# [RECORD EXTRACTS]
------------
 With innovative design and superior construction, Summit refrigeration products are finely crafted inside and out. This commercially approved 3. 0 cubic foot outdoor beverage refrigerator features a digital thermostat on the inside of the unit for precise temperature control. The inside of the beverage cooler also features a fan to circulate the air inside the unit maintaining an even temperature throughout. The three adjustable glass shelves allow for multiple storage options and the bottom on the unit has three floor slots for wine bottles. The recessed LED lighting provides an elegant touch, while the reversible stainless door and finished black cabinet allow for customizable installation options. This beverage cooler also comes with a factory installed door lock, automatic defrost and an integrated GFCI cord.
------------
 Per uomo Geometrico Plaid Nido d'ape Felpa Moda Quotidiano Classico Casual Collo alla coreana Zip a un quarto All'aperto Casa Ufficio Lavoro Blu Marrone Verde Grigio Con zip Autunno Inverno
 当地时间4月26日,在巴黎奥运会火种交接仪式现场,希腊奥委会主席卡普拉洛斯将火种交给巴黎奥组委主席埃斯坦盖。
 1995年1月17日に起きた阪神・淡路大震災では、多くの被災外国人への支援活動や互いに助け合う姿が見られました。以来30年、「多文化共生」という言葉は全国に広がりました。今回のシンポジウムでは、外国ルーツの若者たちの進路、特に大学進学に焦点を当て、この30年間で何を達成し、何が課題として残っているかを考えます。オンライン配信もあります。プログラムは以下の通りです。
------------
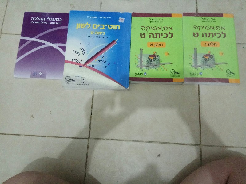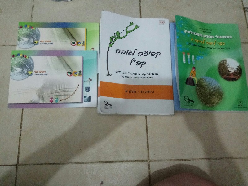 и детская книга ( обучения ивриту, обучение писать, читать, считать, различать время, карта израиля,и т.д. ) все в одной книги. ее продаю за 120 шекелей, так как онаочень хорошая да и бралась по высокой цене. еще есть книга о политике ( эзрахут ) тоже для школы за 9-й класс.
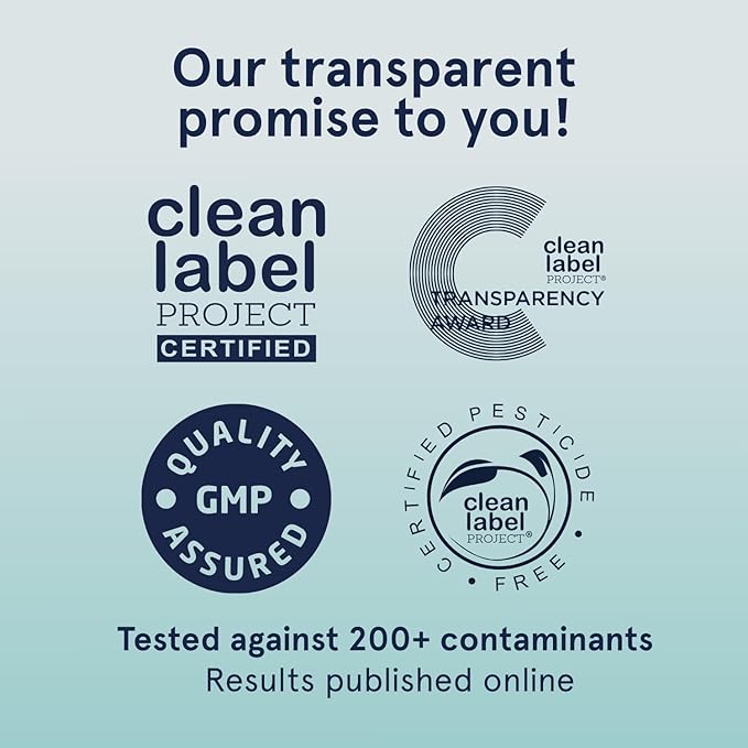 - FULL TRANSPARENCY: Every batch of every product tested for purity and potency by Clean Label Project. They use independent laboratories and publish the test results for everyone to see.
------------
# [DIRECTIONS]
Write out exactly the lines above between the line with "当地时间4月26日,在巴黎奥" and the line with "1995年1月17日に起きた", inclusive, and nothing beyond them.

# [OUTPUT]
 当地时间4月26日,在巴黎奥运会火种交接仪式现场,希腊奥委会主席卡普拉洛斯将火种交给巴黎奥组委主席埃斯坦盖。
 1995年1月17日に起きた阪神・淡路大震災では、多くの被災外国人への支援活動や互いに助け合う姿が見られました。以来30年、「多文化共生」という言葉は全国に広がりました。今回のシンポジウムでは、外国ルーツの若者たちの進路、特に大学進学に焦点を当て、この30年間で何を達成し、何が課題として残っているかを考えます。オンライン配信もあります。プログラムは以下の通りです。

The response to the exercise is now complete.